Im alten Buch steht geschrieben, sie seien das auserwählte Volk Gottes. Das kann man sehen, wie mal will, doch auch Jesus Christus sagte, dass das Heil für unsere Welt von den Juden käme. Eine hochinteressante Aussage.

Als Schüler stand ich im Frühjahr 1978 zum ersten Mal vor der Klagemauer und 33 Jahre später zum zweiten Mal. Die Überreste der Stützmauer des zweiten Tempels bilden das wichtigste Heiligtum des Judentums. Von 1948 bis 1967 war es den Juden verwehrt vor diesen Steinen zu beten. Der öffentlichen Meinung rund um den Erdball war das ziemlich egal. Die Menschenrechtsapostel schwiegen. Man solle sich nur einmal vorstellen, den Muslimen wäre die Wallfahrt nach Mekka 19 Jahre lang verboten worden. Greta Thunberg und Freunde, die Vereinten Nationen und die gesamten politischen Aktivisten von links und rechts hätten vor Ärger kaum noch Luft bekommen.

Als die Hamas am 7. Oktober 2023 hunderte Israelis, die ein friedliches Musikfestival feierten, ermordete und 240 Geisel entführte, gab es in arabischen Hauptstädten spontane Freudenfeste. Die Leidenszeit der Geiseln ist hinlänglich bekannt. Was die wenigsten allerdings wissen ist, dass im April 2024 über eintausend jüdische Musiker im großen Freilichttheater von Cäsarea ein Konzert zu Ehren der Geiseln gaben. Das Thema: Bring them home!
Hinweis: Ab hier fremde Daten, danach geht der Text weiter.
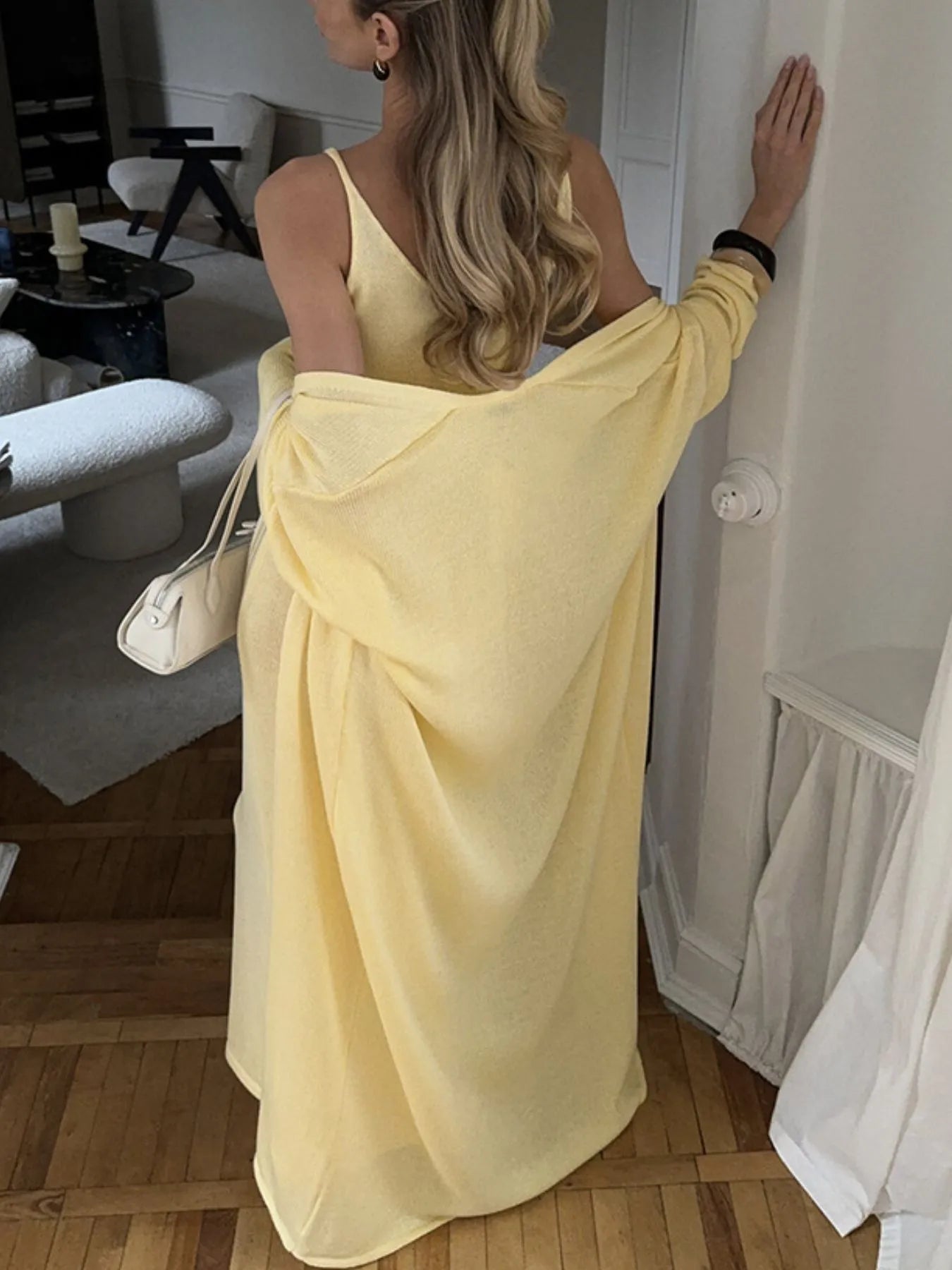V-Neck Knit Dress and Cardigan Sweater Set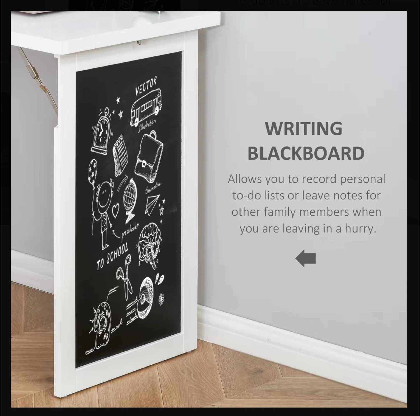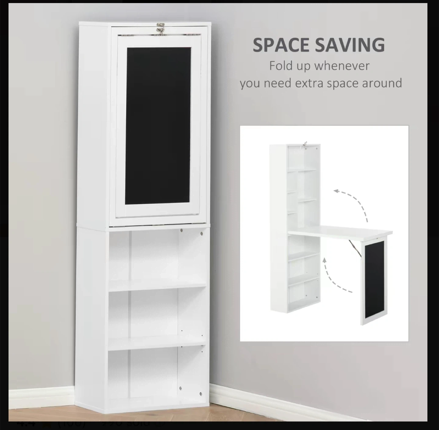Selling a HOMCOM fold-out convertible writing table wall mount desk cabinet with a blackboard and side shelf. This space-saving desk folds up whenever you need extra space around your home. It features a writing blackboard and side shelves for storage. The dimensions are approximately 60.25" high, 20" wide, and 7.75" deep when closed. The desk surface is about 31" wide and 18.75" deep. Originally bought for $179.99!

Ob wir die Juden mögen oder hassen, ist alleine unsere Entscheidung. Wir können stundenlang die Politik der israelischen Exekutive kritisieren. Selbst in Kriegszeiten sind im heiligen Land unzählige Israelis auf Großdemos gegen die eigene Regierung auf die Straße gegangen. Ein Akt der freien Meinungsäußerung. So ein Vorgang wäre in jedem arabischen Land undenkbar. Sofort würden die Busse der Geheimpolizei anrücken und die Panzer rollen.

Wenn Sie mich fragen, möchte ich dem alten Ziethen recht geben. Viele der epochemachenden Durchbrüche unserer Zivilisation verdanken wir den Segnungen jüdischer Gelehrter und Wissenschaftlern. Die brilliantesten Köpfe, die ich während meiner Ausbildung bei Harvard und Yale kennengelernt habe, waren Juden – ohne wenn und aber.  Wenn Sie auf das folgende Bild klicken, werden Sie Zeuge eines großartigen Konzertes in Israel. /KDJ

4 Kommentare
  1. Werner Weilbach

    Gottes Heilsplan kann niemand aufhalten , wir haben einen mächtigen Herrn der sein Volk und seine Gemeinde segnet und zum Ziel bringt !! Halleluja

  2. Maria Hirschi

    Danke für das wunderbare Statement für das Volk Israel.
    Durch Das Volk Israel sind und werden alle Nationen gesegnet.